Mit besserem Feedback zu mehr Gleichstellung bei der Arbeit
- Luka Özyürek
- 15. Juli
- 5 Min. Lesezeit
Mit besserem Feedback zu mehr Gleichstellung bei der Arbeit
Vom kurzen “Gut geworden!” bis zum jährlichen Mitarbeitendengespräch, vom strukturierten Projekt-Debrief bis zum Post-it auf dem Kühlschrank, Feedback kann viele Formen annehmen und ist aus dem Arbeitsleben nicht wegzudenken. Aus gutem Grund, denn eine gute Feedbackkultur führt zu mehr Transparenz, deckt Fehler frühzeitig auf und schont dadurch Ressourcen, und trägt sogar zur Mitarbeitendenbindung und -motivation bei. Und: gutes Feedback ist für einen inklusiven, vielfältigen Arbeitsplatz unverzichtbar.

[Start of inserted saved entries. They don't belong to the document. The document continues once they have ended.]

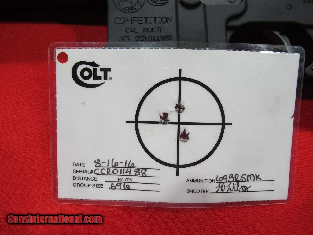 Description: Colt AR-15 Competition 5.56 Nato 16.1" -- the Competition Series 5.56x 45mm NATO Semiautomatic: guaranteed sub-MOA accuracy at 100 yards using quality ammunition, 16" HBAR-contour, 4150 chrome-moly steel free-floating barrel, standard mil-type A2-style bird-cage vented muzzle brake, 1-8" rate-of-twist button rifling is optimized for 55-77 gr. bullets, direct-impingement system, Colt 6-lb. target trigger, Mil-type folding trigger guard allows use with thick winter gloves, M4-style, six-position adjustable stock with steel sling loop, A2 military-style polymer grip, mil-type standard charging handle, 5-slot adjustable Picatinny handguard rail, 10" CNC-machined aluminum float-tube handguard, front swivel stud, 30-round magazine, Mil-spec diameter receiver extension tube, pper receiver has 13-slot Picatinny rail. Upper and lower receivers are forged in USA from 7075-T6 mil-spec alloy. THIS GUN IS IN MINT CONDITION HAVING BEEN FACTORY TEST FIRED ONLY. SOLD |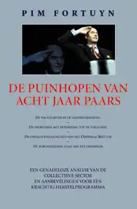 De puinhopen van acht jaar Paars (pronounced [də ˈpœynoːpə(n) vɑn ɑxt jaːr ˈpaːrs] ⓘ, English: The Wreckage of Eight Years of Purple) is a political non-fiction book released by the Dutch political commentator and aspiring lawmaker Pim Fortuyn in 2002, two months prior to his assassination. In the book, Fortuyn sharply criticizes the then ruling "Purple" coalition government and its direct predecessor (both composed of PvdA, VVD and D66) on nearly all areas of their policies.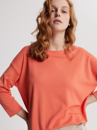 Яркий однотонный джемпер для стильного повседневного образа. Втачной рукав 3/4 со спущенной линией плеча. Овальный вырез горловины. Эластичная лента по низу изделия.
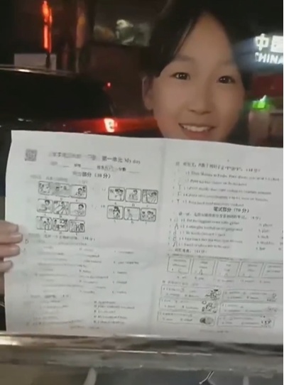 有个小朋友拿着试卷一直等着她

Gutes Feedback deckt Biases und Mikroaggressionen auf
Fangen wir mit dem Offensichtlichen an: Selbst wenn es in einem Unternehmen erstmal keine direkte Diskriminierung gibt, sind unbewusste Voreingenommenheiten und Mikroaggressionen doch an der Tagesordnung. Sie sind es, die gerade für marginalisierte Menschen auf lange Sicht das Arbeitsklima unangenehm machen. Wer möchte schon jeden Tag intime Fragen beantworten oder über den hundertsten Witz auf Kosten der eigenen Identität lachen müssen? Was, wenn mir auffällt, dass die Personalchefin seit Jahren nur weiße Menschen einstellt oder für die Konferenz doch wieder zu 90% männliche Speaker gebucht wurden?
Das zu thematisieren bringt oft eigene Probleme mit sich. Wer selbst betroffen ist, wird als zu empfindlich abgestempelt oder muss sich vorwerfen lassen, die “Race-Karte”, “Gender-Karte”, “Behinderungs-Karte” zu spielen. Wer kritisiert wird, reagiert schnell mit “War doch nicht so gemeint” oder “Aber ich habe doch gute Gründe!”

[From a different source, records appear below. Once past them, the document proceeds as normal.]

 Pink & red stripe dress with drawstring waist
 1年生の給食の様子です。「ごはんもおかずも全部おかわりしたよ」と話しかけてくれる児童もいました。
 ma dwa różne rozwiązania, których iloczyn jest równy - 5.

Und genau dort greift Feedback: Eine gesunde Feedbackkultur ermöglicht es, dass alle sich trauen, etwas zu sagen, alle gehört werden und Bedenken nicht beiseite gewischt werden können. So kann eine ernsthafte, wohlwollende Auseinandersetzung entstehen - lange bevor der hundertste “harmlose Kommentar” das Fass zum überlaufen bringt.
Was hat Feedback mit Macht zu tun?

Vielleicht etwas weniger offensichtlich, aber nicht weniger wichtig: Feedback kann Machtstrukturen aufbrechen - oder sie verfestigen. Wenn Feedback von Führungskräften nur gegeben wird, ihre Mitarbeitenden aber kein eigenes Feedback einbringen können, dann bleibt ihr Verhalten unhinterfragt, ihre Voreingenommenheiten bestimmen uneingeschränkt das Arbeitsklima und führen zu autoritären, intransparenten Strukturen. Das haben viele Unternehmen inzwischen erkannt und setzen auf bilaterales oder 360°-Feedback - doch die sind leider kein Allheilmittel gegen Machtgefälle.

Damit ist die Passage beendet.